Расследование Иоганна шло своим чередом. Главное было
не возбуждать ничьих подозрений. Принц сам привозил отчеты, и,
кажется, они все-таки смогли наметить круг подозреваемых. К
сожалению, большинство подозреваемых сами стали жертвой болезни.
Кажется, испанцы не слишком заботились о своих орудиях.
Через
неделю Александр даже сумел выбраться в Харлем на заседание
Генеральных штатов и отчитаться о поездке в Рим. Вопреки
обыкновению, именно это дело оказалось самым простым из всего того,
чем ему пришлось заниматься в Нидерландах, а итог его отчета — на
удивление предсказуемым.
Штатам он
предоставил на рассмотрение сразу несколько дат для проведения
коронации, заготовленные заранее планы коронационных торжеств,
которые были с облегчением «приняты к рассмотрению», а потом
посвятил еще неделю торжественным приемам, обедам и ужинам.
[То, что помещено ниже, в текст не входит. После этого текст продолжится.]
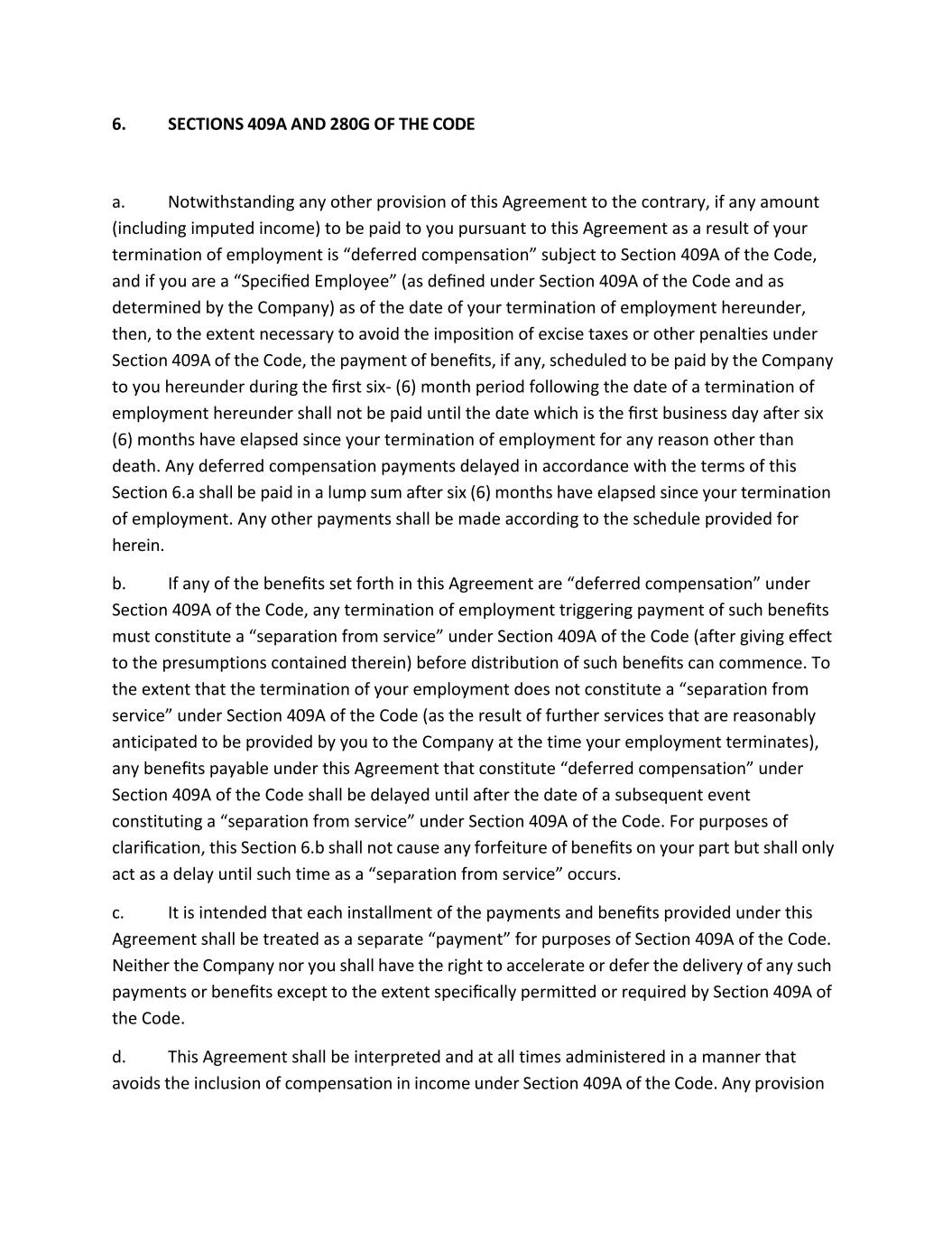 6. SECTIONS 409A AND 280G OF THE CODE a. Notwithstanding any other provision of this Agreement to the contrary, if any amount (including imputed income) to be paid to you pursuant to this Agreement as a result of your termination of employment is “deferred compensation” subject to Section 409A of the Code, and if you are a “Specified Employee” (as defined under Section 409A of the Code and as determined by the Company) as of the date of your termination of employment hereunder, then, to the extent necessary to avoid the imposition of excise taxes or other penalties under Section 409A of the Code, the payment of benefits, if any, scheduled to be paid by the Company to you hereunder during the first six- (6) month period following the date of a termination of employment hereunder shall not be paid until the date which is the first business day after six (6) months have elapsed since your termination of employment for any reason other than death. Any deferred compensation payments delayed in accordance with the terms of this Section 6.a shall be paid in a lump sum after six (6) months have elapsed since your termination of employment. Any other payments shall be made according to the schedule provided for herein. b. If any of the benefits set forth in this Agreement are “deferred compensation” under Section 409A of the Code, any termination of employment triggering payment of such benefits must constitute a “separation from service” under Section 409A of the Code (after giving effect to the presumptions contained therein) before distribution of such benefits can commence. To the extent that the termination of your employment does not constitute a “separation from service” under Section 409A of the Code (as the result of further services that are reasonably anticipated to be provided by you to the Company at the time your employment terminates), any benefits payable under this Agreement that constitute “deferred compensation” under Section 409A of the Code shall be delayed until after the date of a subsequent event constituting a “separation from service” under Section 409A of the Code. For purposes of clarification, this Section 6.b shall not cause any forfeiture of benefits on your part but shall only act as a delay until such time as a “separation from service” occurs. c. It is intended that each installment of the payments and benefits provided under this Agreement shall be treated as a separate “payment” for purposes of Section 409A of the Code. Neither the Company nor you shall have the right to accelerate or defer the delivery of any such payments or benefits except to the extent specifically permitted or required by Section 409A of the Code. d. This Agreement shall be interpreted and at all times administered in a manner that avoids the inclusion of compensation in income under Section 409A of the Code. Any provision

О
балансе гуморов здесь никто не думал – еда была не столь
изысканной, как у друга, но вкусной, сытной и обильной. А еще
Александр вдоволь насладился домашним уютом и теплом, мирными
разговорами о видах на торговлю, урожай и вылов сельди. Дал
обещание посетить полдесятка свадеб и с десяток будущих крестин,
получил массу подарков и добрых напутствий в дорогу, а потом
отправился в путь, осеняемый столькими благословениями и
приветствиями, что ощущал в себе не меньше благодати, чем после
беседы с его святейшеством.
Потом опять
был Делфт.
Виллем
встретил руварда с красными от слез глазами — все-таки пришел в
себя! — но воодушевленным. Оба Валуа прислали ему письма — один с
согласием на брак, второй — с подтверждением, что лично доставит
невесту жениху. Правда, еще через несколько дней пришло еще одно
письмо, в котором его христианнейшее величество предупреждал
Молчаливого о намерении Лонгвилей оспорить в суде право Нассау на
Оранж. Король пылко обещал Виллему всяческого содействие против
«возмутительных притязаний» Лонгвилей, но Александр знал цену
обещаниям Генриха и потому не без основания полагал, будто старший
Валуа просто пытается вытянуть из Молчаливого какие-то уступки в
обмен на поддержку.
Луиза де
Коэтиви была вне себя от досады. Луи-Ален вернулся в Париж — это
было не так уж и плохо, но — Боже правый! — как глупо и нелепо он
себя повел. Просить у отца полк, когда надо было просить герцогство
Алансонское! Изображать из себя солдафона, когда надо было проявить
изящество и утонченность придворного. Расстроить нелепым поведением
короля, озадачить королеву-мать, а главное — бездарно потратить
возможность обратиться к его величеству с просьбой.